Headline

Pemerintah menyebut suplai minyak dari Amerika akan meningkat.

Wakil Menteri Muluskan Transisi

19/7/2024 05:00

PRESIDEN Joko Widodo melantik tiga wakil menteri sekaligus untuk membantu kerja menteri-menteri bidang ekonomi, kemarin. Thomas Djiwandono didapuk jadi Wakil Menteri Keuangan, Sudaryono jadi Wakil Menteri Pertanian, dan Yuliot Tanjung sebagai Wakil Menteri Investasi.

Jika menilik masa pemerintahan Jokowi yang akan berakhir pada 20 Oktober 2024, alias tinggal tiga bulan lagi, kecil kemungkinan tiga pejabat baru itu ditunjuk untuk mengakselerasi kinerja kementerian ekonomi. Terang benderang, mereka lebih diposisikan sebagai pejabat perantara yang akan menjembatani program-program ekonomi pemerintahan berikutnya. Tujuannya tak lain agar transisi pemerintahan dapat berjalan mulus.

Apalagi, Thomas Djiwandono dan Sudaryono adalah dua kader elite Gerindra. Mereka mesti menyiapkan karpet merah bagi program-program ekonomi pemerintahan baru di bawah Prabowo Subianto-Gibran Rakabuming Raka.

Tak ada yang salah dari penunjukan tiga pejabat baru itu.

Presiden menjalankan hak prerogatifnya sudah sesuai dengan aturan yang berlaku. Bahkan, penunjukan calon pejabat pemerintahan berikutnya untuk duduk di pemerintahan saat ini pun dapat menjadi bagian dari sopan santun politik, sebuah fatsun yang kian langka saat ini.
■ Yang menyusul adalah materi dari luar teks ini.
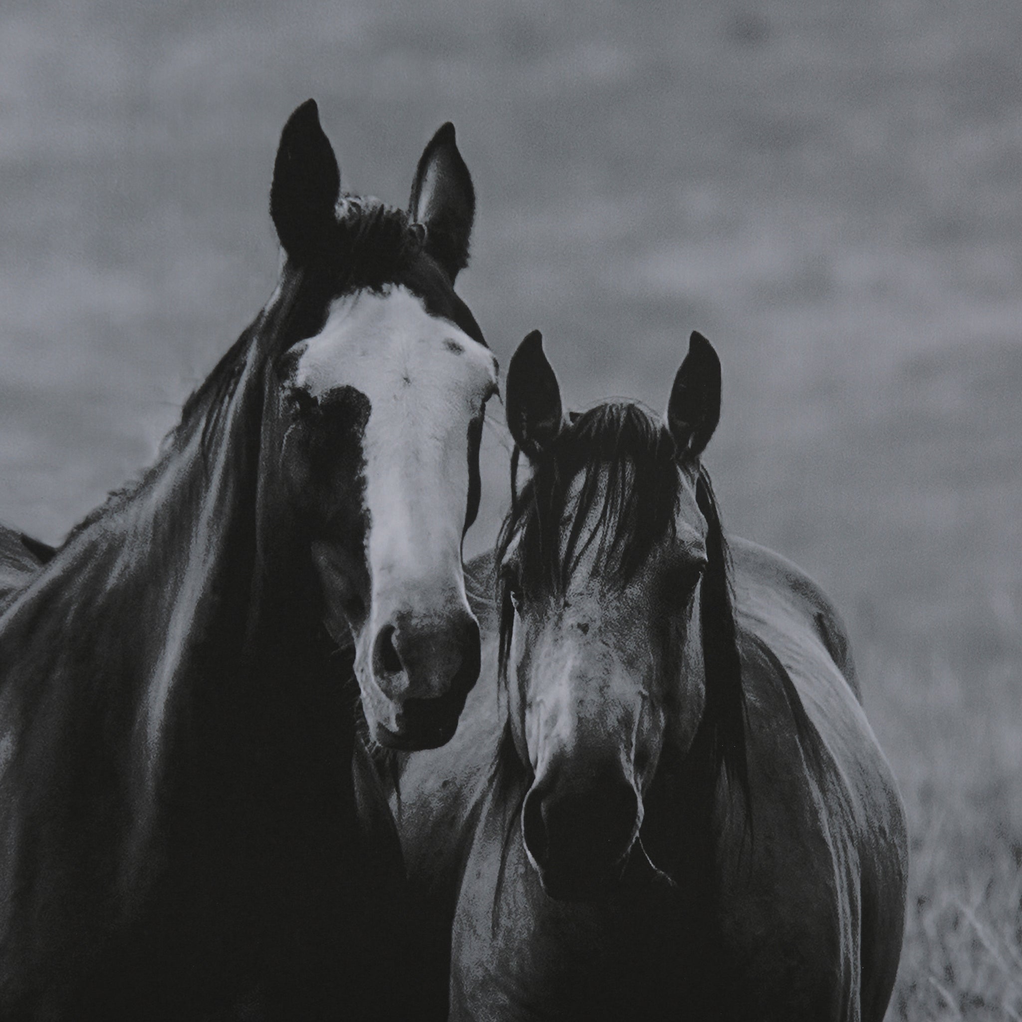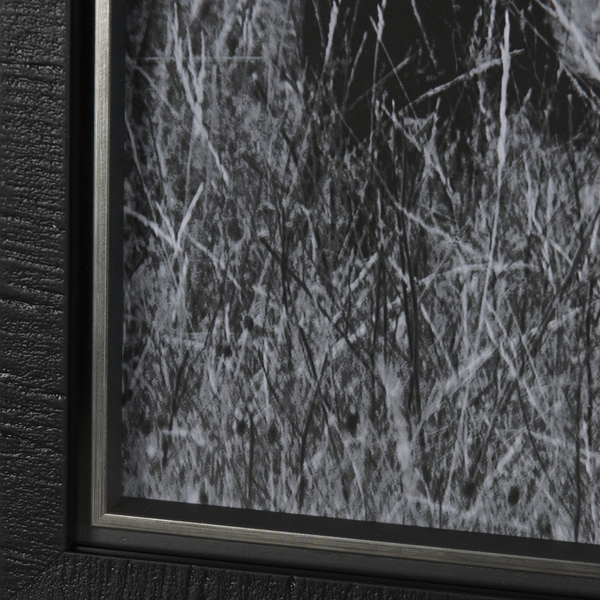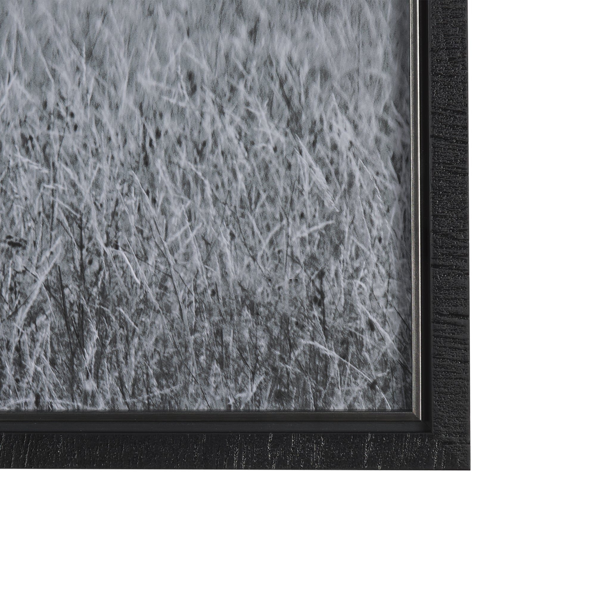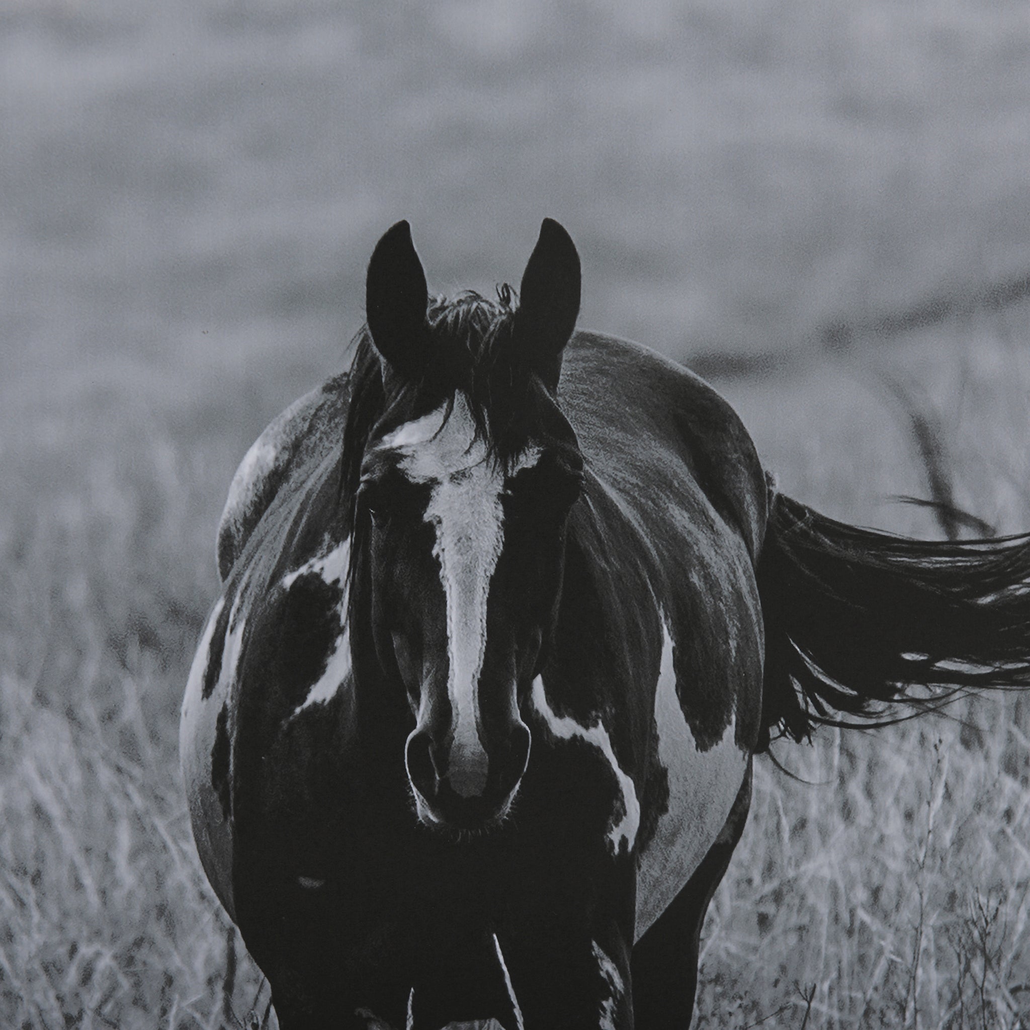 Bring the majestic serenity of the open plains into your home with this striking framed artwork. Captured in timeless black and white, three powerful horses stand amidst a windswept grassy field, evoking a sense of untamed beauty and quiet strength. This versatile piece adds a dramatic and classic natural element, perfect for a study, living room, or entryway.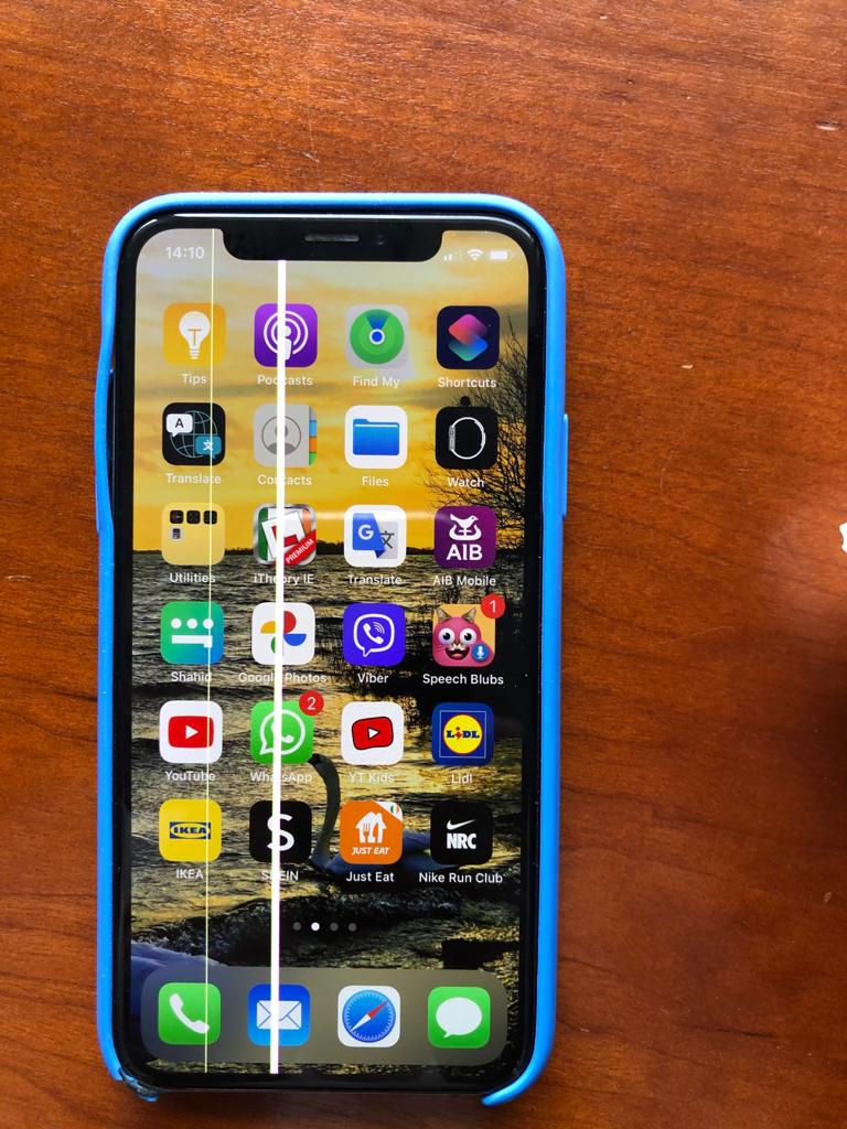 my phone works perfectly fine (two photos of my iPhone attached ) but it has two fine green lines in the screen.

Namun, masyarakat tentunya berharap lebih dari itu. Situasi ekonomi yang masih amat menjepit seperti saat ini bukan sekadar membutuhkan fatsun politik, melainkan lebih ke langkah nyata. Dampak ekonomi dari pandemi covid-19 yang berlangsung tiga tahun lamanya sejak 2020 masih membekas hingga saat ini.

Misalnya masalah pengangguran. Data Badan Pusat Statistik (BPS) menyebutkan 7,86 juta orang menganggur pada 2023. Hal itu salah satunya tak lepas dari kinerja investasi yang tak banyak menyerap lapangan kerja. Investasi yang masuk saat ini masih lebih ke padat modal, bukan padat karya.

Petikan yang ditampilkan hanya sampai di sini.